Abstract
Background: VTE is the leading cause of death in patients with cancer. The 1-year survival rate in patients diagnosed with cancer at time of VTE is 12% compared to 36% in cancer patients without thrombosis. Cancer patients who develop VTE have higher mortality during hospitalization and during surgery. VTE in cancer patients portends a poorer prognosis and may indicate a more aggressive phenotype. There are, as yet, no clinical or laboratory parameters that have clinical utility in identifying this important group of patients with cancer who are at risk for developing VTE.
Methods: We explored whether gene expression profiling could define phenotype-specific metagenes (aggregate patterns of gene expression) that distinguish cancer patients with and without VTE. The medical history of 95 patients with NSCLC and 37 patients with ovarian cancer was reviewed to identify patients with VTE after the initial diagnosis of cancer but not within 6 weeks of surgery. Separate sets of controls with NSCLC and ovarian cancer, respectively, were identified from the same groups, matched by age, gender and clinical stage, but without VTE for at least 2 years following the diagnosis of cancer. RNA was extracted and gene array data obtained using Affymetrix U133 GeneChips. Gene expression data was analyzed using binary regression methodologies.
Results: 13/95 (13.5%) patients with NSCLC and 6/37 (16%) with ovarian cancer had VTE and met inclusion criteria. Using the metagene approach, a discriminator gene set (n=50) that differentiated patients with NSCLC and VTE from patients with NSCLC without VTE was identified. A separate discriminator gene set was identified for the ovarian cancer group. A leave-one-out cross validation performed to validate the reliability of the discriminator metagene set was 85% accurate in identifying patients with NSCLC and VTE. Similar analysis for the ovarian cancer patients was limited by the small number of patients identified.

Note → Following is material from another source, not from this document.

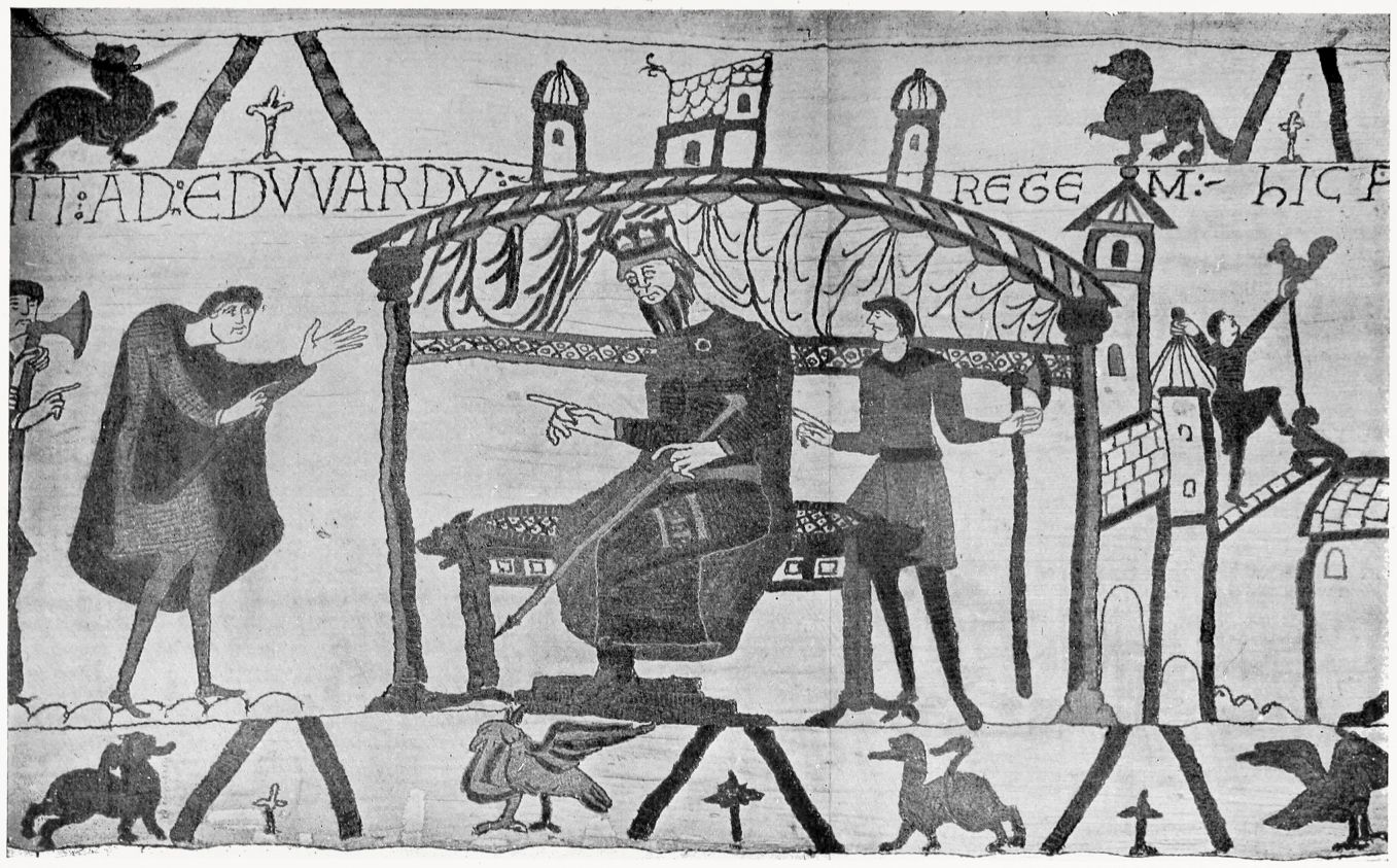THE Bayeux Tapestry is probably the most famous and the most remarkable of mediæval embroideries. In it is given the complete story of a great exploit and one that must always be of particular interest to the English and French peoples—the story of the Norman Conquest. None of the main incidents leading up to the Conquest itself are omitted. The arrival of Harold in Normandy, his stay with William, his swearing of loyalty, his return to England, the death of Edward the Confessor, the subsequent election of Harold to the throne of England, with the expedition itself culminating in the Battle of Hastings, are all shown in the course of the story. It is as much a defence of William’s conduct as a history of his triumph.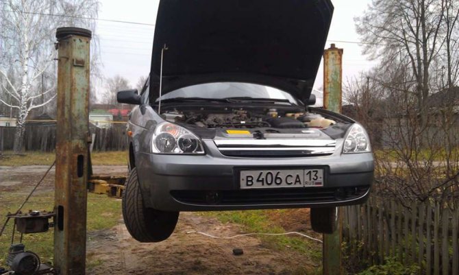 - Автомобиль загоняется в гараж с ямой, на подъемник либо на эстакаду. Это важно, поскольку вам придется получить доступ к днищу машины.

Significant biological differences were seen between the comparison groups in the NSCLC subset, including genes such as P53, VEGFC, E2F4, TFPI and EPHB2. Expression differences in the ovarian subset similarly included P53, but also included genes not seen in the NSCLC group, such as H-ras, Tissue factor and Factor X.
Conclusions: Our data suggests that a genomic approach can identify patients with cancer at risk for VTE. In addition, these results also suggest that different tumor types might possess unique expression signatures associated with increased thrombotic risk.
Disclosure: No relevant conflicts of interest to declare.